A picture-free, exact reproduction of the listing that follows is required.
======== Data excerpt ========
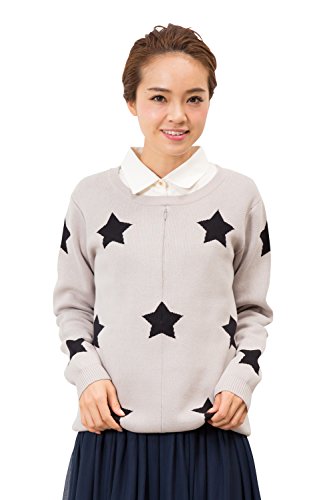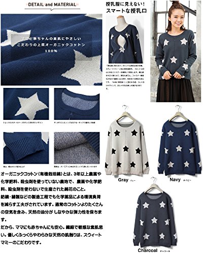 Sweet Mommy オーガニックコットン100% ふっくら ジャガード編み スター リブ袖 星柄 ニット セーター あったかトップス 授乳服 マタニティ/M/グレー
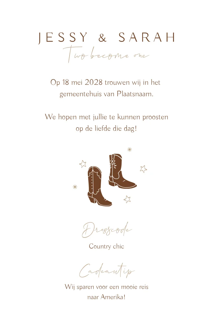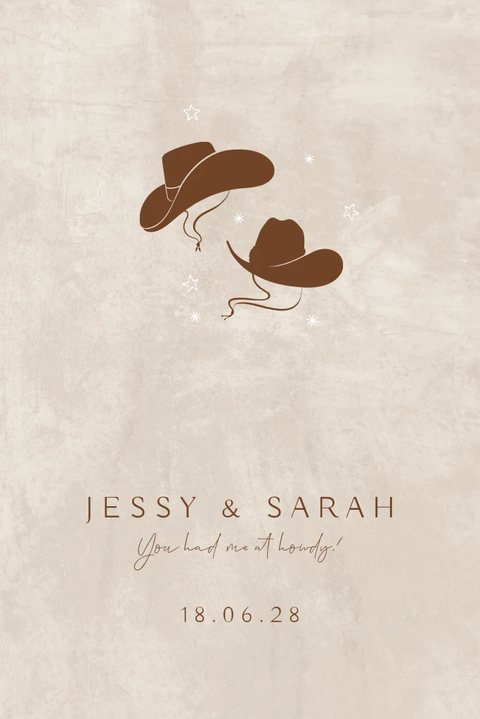Uitnodiging voor een huwelijk in ware country western stijl! Deze prachtige trouwkaart met beige achtergrond en donkerbruine typografie heeft een rustieke uitstraling. Op de voorkant staan twee stoere cowboyhoeden met kleine witte sterretjes er omheen. Aan de binnenkant staan twee cowboylaarzen. Pas de kaart naar wens aan met de editor en bestel een drukproef om het ontwerp in het echt te zien.
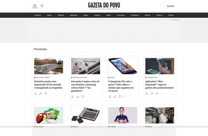 Descrição do site: O site iG – Tecnologia é a seção de tecnologia do portal iG, oferecendo uma mistura equilibrada entre notícias sobre inovação, telecomunicações, internet e tendências digitais. A página publica reportagens sobre inteligência artificial, avanços em redes 5G, segurança cibernética e novos dispositivos, sempre com uma linguagem acessível ao público geral. Também há dicas práticas para usuários, guias de compra e tutoriais para lidar com gadgets e software, facilitando o dia a dia de quem busca se manter atualizado. Além de conteúdo noticioso, o site aborda políticas de tecnologia, mostrando como decisões regulatórias afetam o mercado nacional. Em algumas matérias, há ênfase em iniciativas tecnológicas do próprio iG, como a adoção de IA para gerar resumos de notícias. A seção Dicas complementa a cobertura, trazendo sugestões para otimizar o uso de aparelhos e aplicativos. Com isso, o portal se posiciona como fonte confiável para acompanhar as transformações digitais no Brasil e no mundo.
========
_Response to this exercise_
 Sweet Mommy オーガニックコットン100% ふっくら ジャガード編み スター リブ袖 星柄 ニット セーター あったかトップス 授乳服 マタニティ/M/グレー
Uitnodiging voor een huwelijk in ware country western stijl! Deze prachtige trouwkaart met beige achtergrond en donkerbruine typografie heeft een rustieke uitstraling. Op de voorkant staan twee stoere cowboyhoeden met kleine witte sterretjes er omheen. Aan de binnenkant staan twee cowboylaarzen. Pas de kaart naar wens aan met de editor en bestel een drukproef om het ontwerp in het echt te zien.
 Descrição do site: O site iG – Tecnologia é a seção de tecnologia do portal iG, oferecendo uma mistura equilibrada entre notícias sobre inovação, telecomunicações, internet e tendências digitais. A página publica reportagens sobre inteligência artificial, avanços em redes 5G, segurança cibernética e novos dispositivos, sempre com uma linguagem acessível ao público geral. Também há dicas práticas para usuários, guias de compra e tutoriais para lidar com gadgets e software, facilitando o dia a dia de quem busca se manter atualizado. Além de conteúdo noticioso, o site aborda políticas de tecnologia, mostrando como decisões regulatórias afetam o mercado nacional. Em algumas matérias, há ênfase em iniciativas tecnológicas do próprio iG, como a adoção de IA para gerar resumos de notícias. A seção Dicas complementa a cobertura, trazendo sugestões para otimizar o uso de aparelhos e aplicativos. Com isso, o portal se posiciona como fonte confiável para acompanhar as transformações digitais no Brasil e no mundo.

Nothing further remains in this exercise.